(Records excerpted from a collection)
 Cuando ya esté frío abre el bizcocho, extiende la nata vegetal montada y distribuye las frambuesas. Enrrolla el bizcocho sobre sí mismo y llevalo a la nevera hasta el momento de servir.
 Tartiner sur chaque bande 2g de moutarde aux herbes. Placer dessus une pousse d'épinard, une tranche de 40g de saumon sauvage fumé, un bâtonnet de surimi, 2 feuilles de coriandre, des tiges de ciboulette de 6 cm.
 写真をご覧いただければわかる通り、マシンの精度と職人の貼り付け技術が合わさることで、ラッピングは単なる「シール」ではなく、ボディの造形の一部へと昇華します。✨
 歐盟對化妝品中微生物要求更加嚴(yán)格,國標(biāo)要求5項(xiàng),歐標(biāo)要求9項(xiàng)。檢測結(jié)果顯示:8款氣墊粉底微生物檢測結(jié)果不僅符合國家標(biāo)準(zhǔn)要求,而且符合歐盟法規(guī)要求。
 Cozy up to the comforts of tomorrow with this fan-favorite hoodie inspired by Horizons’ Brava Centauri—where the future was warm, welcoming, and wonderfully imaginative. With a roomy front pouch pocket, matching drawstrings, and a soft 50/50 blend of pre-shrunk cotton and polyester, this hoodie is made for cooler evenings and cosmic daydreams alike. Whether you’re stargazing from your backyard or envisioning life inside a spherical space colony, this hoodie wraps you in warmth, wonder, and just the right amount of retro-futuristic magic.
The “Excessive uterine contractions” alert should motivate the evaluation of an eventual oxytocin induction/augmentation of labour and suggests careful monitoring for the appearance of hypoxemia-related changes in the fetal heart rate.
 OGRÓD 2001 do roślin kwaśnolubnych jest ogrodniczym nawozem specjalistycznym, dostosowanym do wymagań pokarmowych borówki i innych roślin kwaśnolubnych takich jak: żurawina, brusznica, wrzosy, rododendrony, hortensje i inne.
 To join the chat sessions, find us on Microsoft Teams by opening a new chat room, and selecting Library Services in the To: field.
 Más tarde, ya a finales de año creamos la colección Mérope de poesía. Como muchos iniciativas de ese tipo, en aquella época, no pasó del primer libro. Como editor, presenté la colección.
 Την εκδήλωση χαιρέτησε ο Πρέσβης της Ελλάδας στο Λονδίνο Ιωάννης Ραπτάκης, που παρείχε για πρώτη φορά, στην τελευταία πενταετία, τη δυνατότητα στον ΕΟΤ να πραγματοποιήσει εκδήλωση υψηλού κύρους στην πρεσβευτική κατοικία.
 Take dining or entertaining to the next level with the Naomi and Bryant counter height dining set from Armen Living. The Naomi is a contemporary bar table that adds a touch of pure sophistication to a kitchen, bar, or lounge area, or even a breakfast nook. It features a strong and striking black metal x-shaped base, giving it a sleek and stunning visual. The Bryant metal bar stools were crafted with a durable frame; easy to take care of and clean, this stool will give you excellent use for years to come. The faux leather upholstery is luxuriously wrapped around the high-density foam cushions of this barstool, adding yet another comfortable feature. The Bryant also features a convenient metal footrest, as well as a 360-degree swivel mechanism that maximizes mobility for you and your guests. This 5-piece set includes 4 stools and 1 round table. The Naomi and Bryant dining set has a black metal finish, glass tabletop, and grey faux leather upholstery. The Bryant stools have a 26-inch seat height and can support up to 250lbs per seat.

** TASK ITEM **
Whenever a line in the data holds "this", copy that line.

** COMPLETED TASK **
 Cozy up to the comforts of tomorrow with this fan-favorite hoodie inspired by Horizons’ Brava Centauri—where the future was warm, welcoming, and wonderfully imaginative. With a roomy front pouch pocket, matching drawstrings, and a soft 50/50 blend of pre-shrunk cotton and polyester, this hoodie is made for cooler evenings and cosmic daydreams alike. Whether you’re stargazing from your backyard or envisioning life inside a spherical space colony, this hoodie wraps you in warmth, wonder, and just the right amount of retro-futuristic magic.
 Take dining or entertaining to the next level with the Naomi and Bryant counter height dining set from Armen Living. The Naomi is a contemporary bar table that adds a touch of pure sophistication to a kitchen, bar, or lounge area, or even a breakfast nook. It features a strong and striking black metal x-shaped base, giving it a sleek and stunning visual. The Bryant metal bar stools were crafted with a durable frame; easy to take care of and clean, this stool will give you excellent use for years to come. The faux leather upholstery is luxuriously wrapped around the high-density foam cushions of this barstool, adding yet another comfortable feature. The Bryant also features a convenient metal footrest, as well as a 360-degree swivel mechanism that maximizes mobility for you and your guests. This 5-piece set includes 4 stools and 1 round table. The Naomi and Bryant dining set has a black metal finish, glass tabletop, and grey faux leather upholstery. The Bryant stools have a 26-inch seat height and can support up to 250lbs per seat.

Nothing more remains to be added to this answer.